In Peta Boreham’s world, the phrase drained out doesn’t exist. There is no such thing as boredom. And it seems, the sound of music in the backdrop is a constant and it’s a world where dancing has no time and limitations and can continue to linger on.
At an age where most of her contemporaries can arguably be found playing along with their grandkids and spending a lean hour randomly in the park, chasing sunlight, Peta Boreham is busy having strapped on her ballerina dancing shoes and is inside her dance studio. She’s 72. Yes, 72 and is a brilliant artist who doesn’t know what is meant by stopping.
You’ve seen inspiring tales like Black Swann that effortlessly infuse energy and vibe into drama and a multitude of human emotions. Now, see this golden Swann and find out why the real inspiring reason behind which art also imitates life, instead of the other way round.
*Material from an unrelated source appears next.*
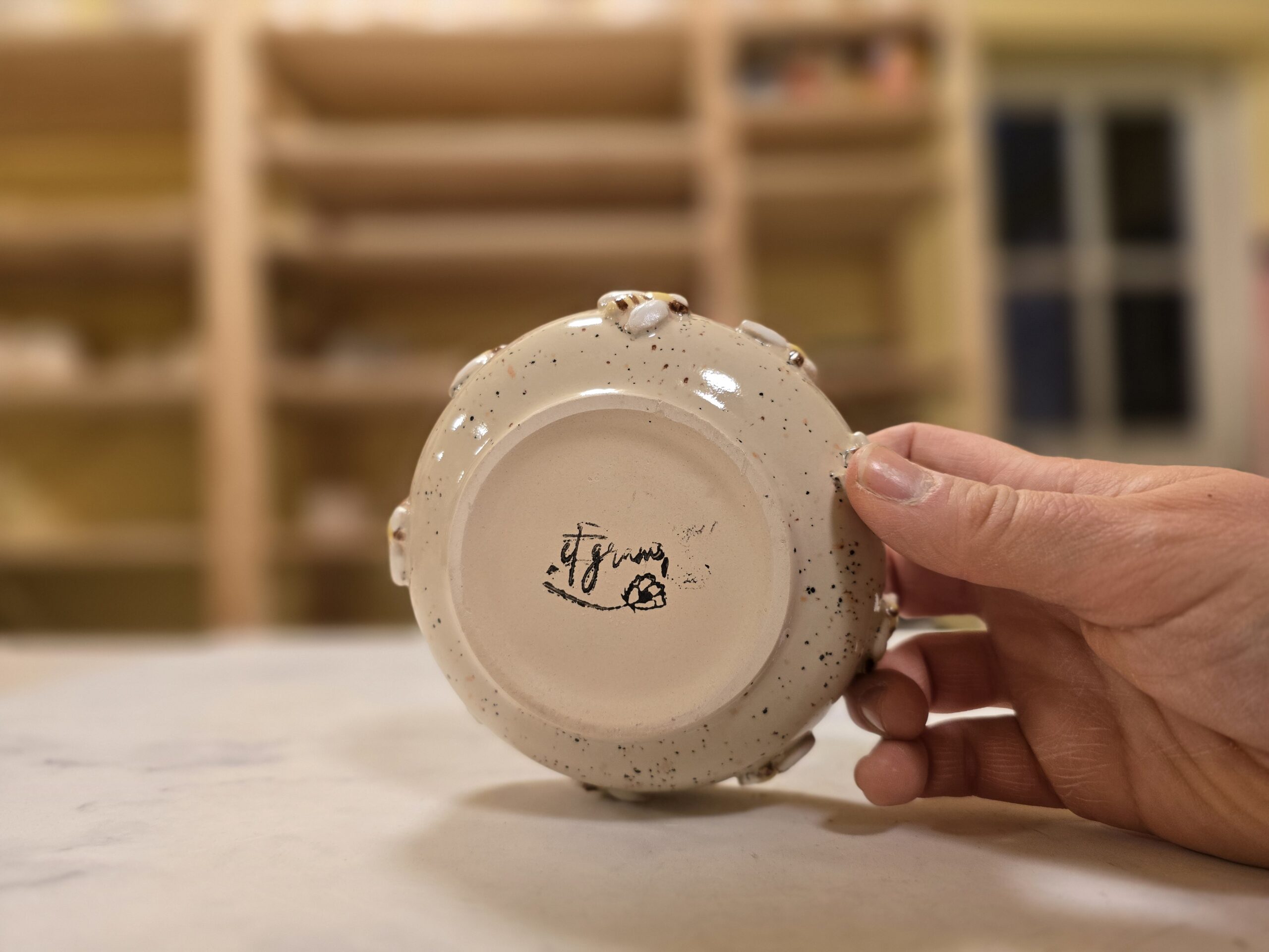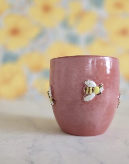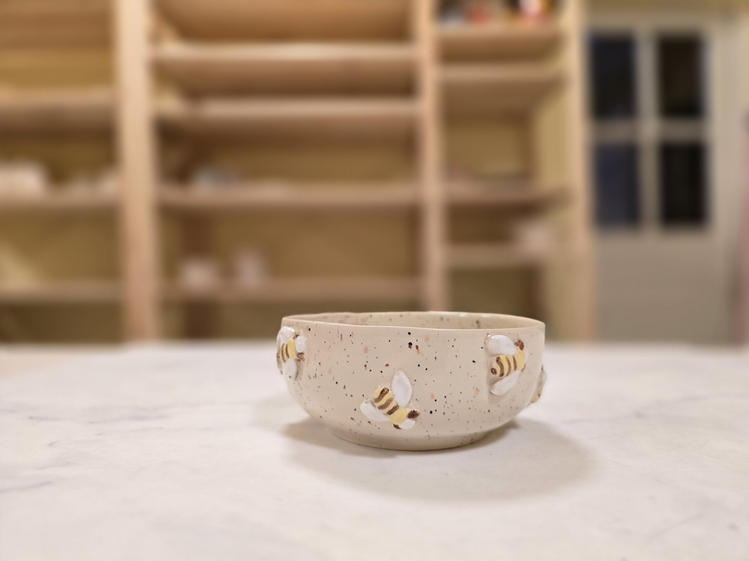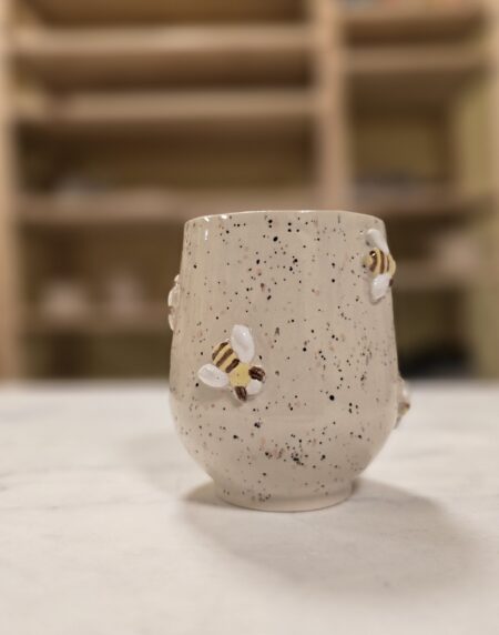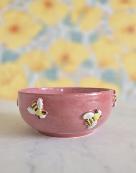 Denne lille skål fra Let it Bee-serien er håndlavet i stentøj og dekoreret med små, håndmodellerede bier, som er påsat én for én. Den lyse, naturlige glasur med fine mørke prikker giver et roligt og nordisk udtryk, mens bierne tilfører varme og personlighed.

There have been so many tales about struggling ballerinas who make a living struggling during their entire youth to forge a memorable career in the sphere of performing arts. But there are few who actually take to ballet-dancing well beyond their youth and find success and above all- a sort of contentment one chases all life.
Having been engaged incessantly in her own business in the realm of creative talents in arts and science, when she was 65, back in 2012, London-based Peta Boreham wanted a different funnel for creative expression and sought an interesting escapade to keep herself occupied creatively. That is when she became a late entrant although a happy newcomer to the world of ballet-dancing. At the age of 60, her theatre career and work was drawing to an end.
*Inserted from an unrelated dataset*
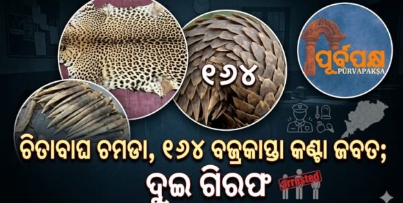 ବୁଧବାର ଦିନ ନୟାଗଡ଼ ଜିଲ୍ଲାର ବନ ଅଧିକାରୀମାନେ ବେଆଇନ ବନ୍ୟପ୍ରାଣୀ ଚାଲାଣରେ ଭୂମିକା ଥିବା ଅଭିଯୋଗରେ ଜଣେ ମହିଳା ଏବଂ ତାଙ୍କ ପୁଅକୁ ଗିରଫ କରିଛନ୍ତି। ସେମାନଙ୍କ ନିକଟରୁ ଚିତାବାଘ ଚମଡ଼ା ଏବଂ ବହୁ ପରିମାଣର ପାଙ୍ଗୋଲିନ୍ କାଲେ ଜବତ ହୋଇଛି, ଯାହା ଏହି ଅଞ୍ଚଳରେ ସକ୍ରିୟ ଶିକାର ନେଟୱାର୍କ ଉପରେ ନୂତନ ଚିନ୍ତା ସୃଷ୍ଟି କରିଛି। ଗୁଇନ୍ଦା ସୂଚନା ଆଧାରରେ, ବନ ବିଭାଗ ଅଧିକାରୀମାନେ ଦଶପଲ୍ଲା ରେଞ୍ଜ ଅନ୍ତର୍ଗତ କୁଜାମେଣ୍ଡି ବିଟ୍ ହାଉସ୍ ଅଞ୍ଚଳରେ ଚଢାଉ … Continue reading ଚିତାବାଘ ଚମଡା, ୧୬୪ ବଜ୍ରକାପ୍ତା କଣ୍ଟା ଜବତ; ଦୁଇ ଗିରଫ || Leopard skin, 164 lightning rods seized; two arrested

Ever since she was a young child, this grandmother and South-London resident had dreamt of doing ballet but just couldn’t get to do it. It was inspiring that she finally got a chance to live her lifelong passion and began beginner’s classes at an age where most are either complaining of joint pain or finding ways to laze in the bed.
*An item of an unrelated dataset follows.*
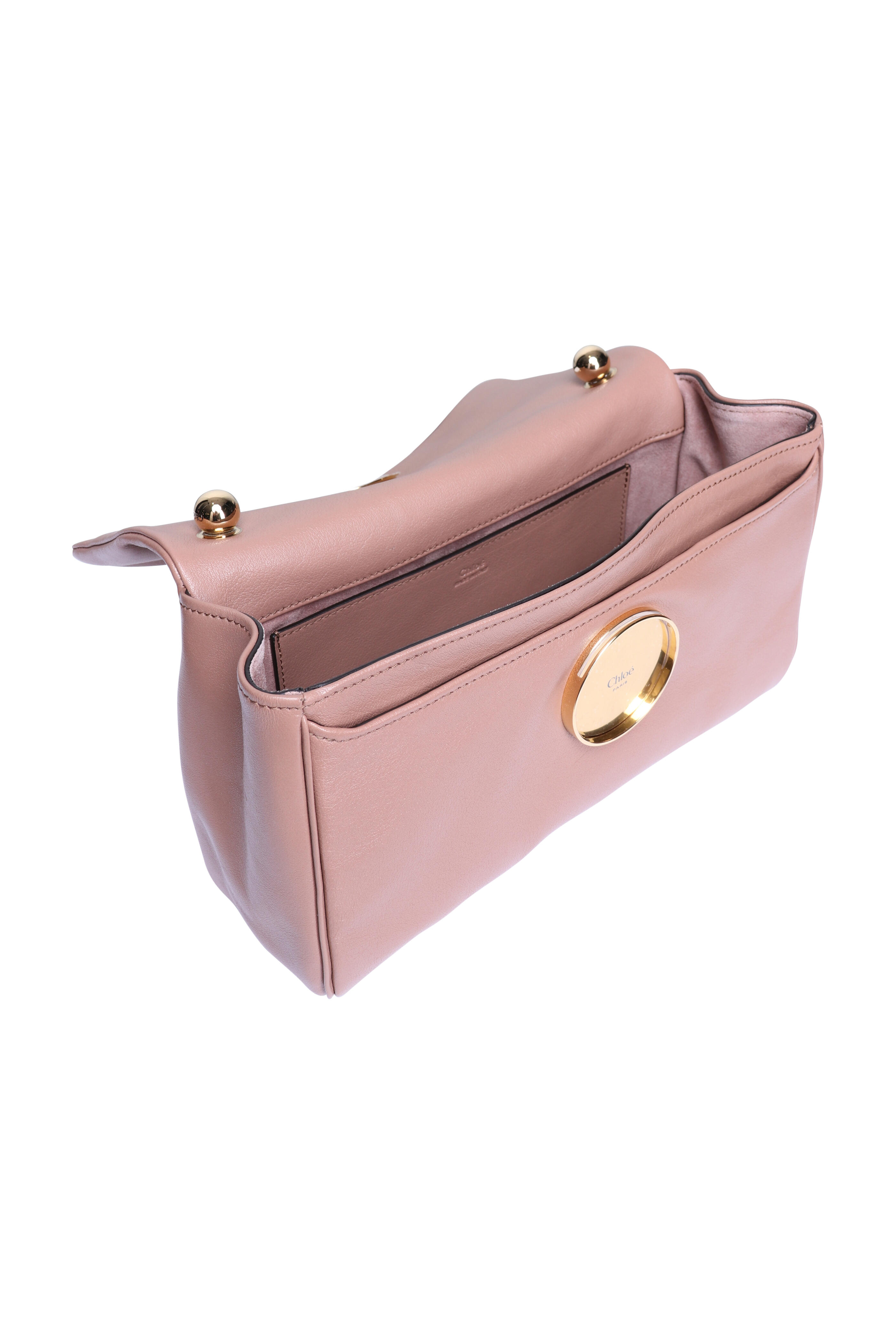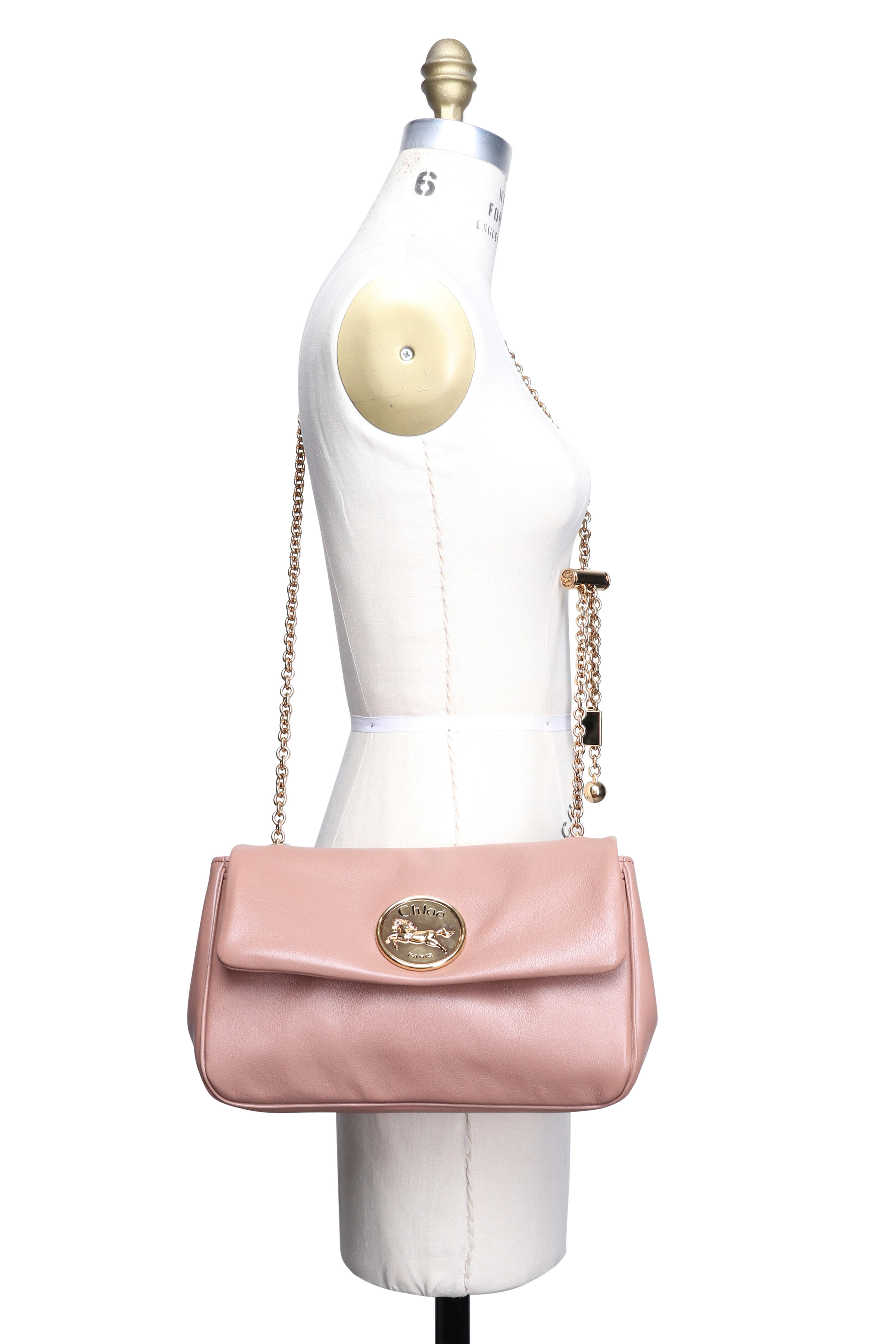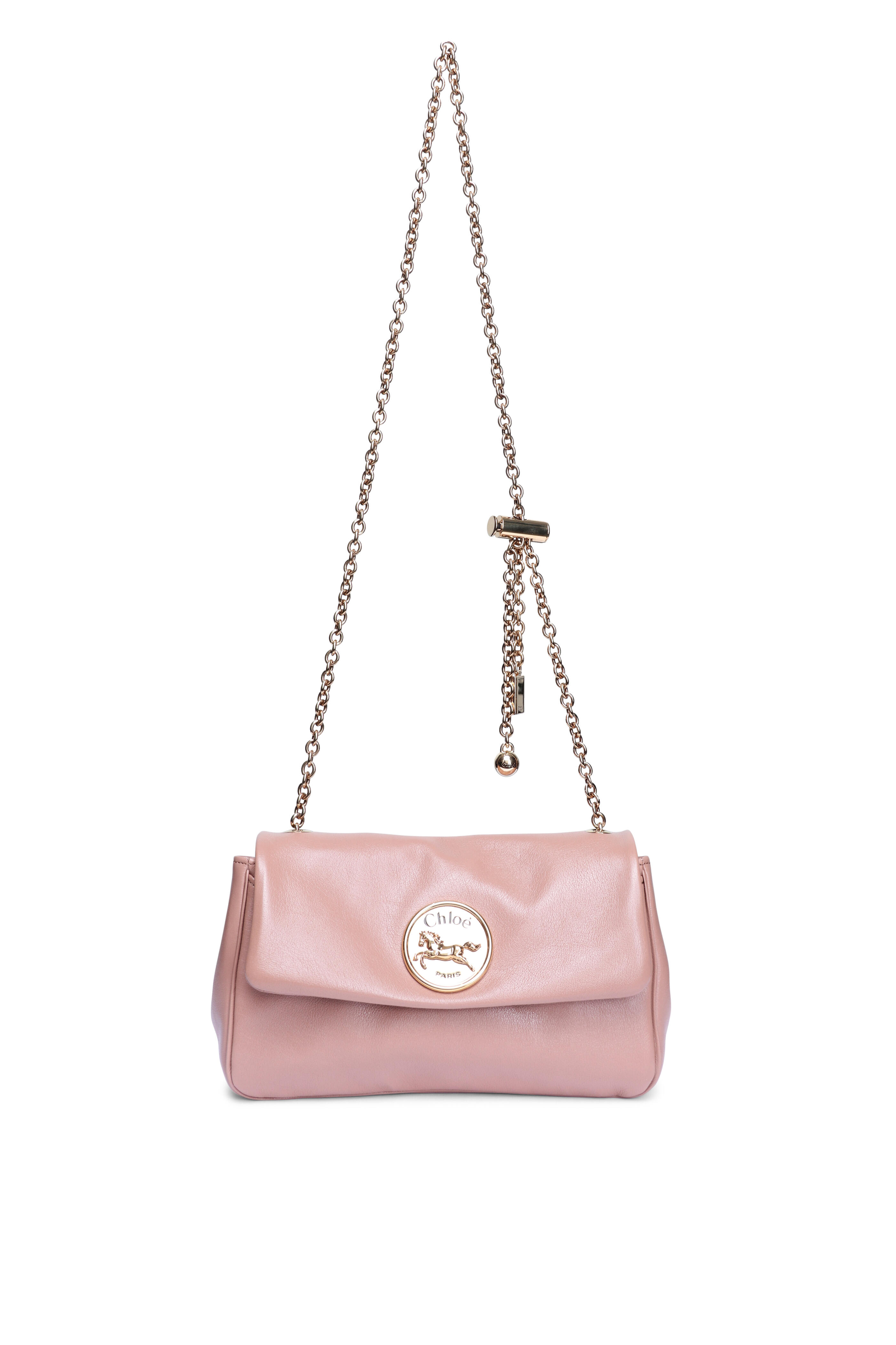 Buffalo leather outer. Calfskin suede lining. Fold over flap. Magnetic clasps closure with notch. Adjustable crossbody chain with chain stopper. Featuring signature Horse Medal closure with dangling chains. Exterior slip pocket. Interior flat wall pocket. Made in Italy. Height: 6.1”. Width: 10.2”. Depth: 2”. Strap drop: 20.5”.

Located at Kensington, a prime buzzing Londonesque residence, Peta Boreham put her dancing shoes when she began her classes at the English National Ballet studios. But soon, upon taking early beginners classes, she quickly extended her sessions to six classes a week. From thereon, began such an unmistakable love for ballet, that she’d get covered in varied English media following her passion for dancing.
In her own words, this remarkable 72-year-old ballerina has confessed, “I love the barre work, because it is slow and controlled, and remembering long pieces of choreography challenges me. There are women in my classes from 20 to 70, and I look forward to continuing with both of these wonderful disciplines as long as my body lets me. I adore moving to beautiful music, but it’s quite hard work to make it look exquisite and easy.”
Her revered passion for ballet even got her to be part of an exciting ENB production Nureyev’s Romeo and Juliet at the Coliseum in London. What is most remarkable is that not only has the lady kept up with the rigours required to embrace such an onerous form of dance that’s as much about aesthetic beauty as it is about balance and rhythm but she’s even travelled across Europe with ENB on various performances. So far, Peta Boreham has travelled to Paris, Seville as well as Tallinn and continues to learn ballet with the enthusiasm you’d find in a teenager who’s absorbed by the enchanting beauty of the craft through movies like the Black Swann.
If her tale isn’t inspiring then just what is?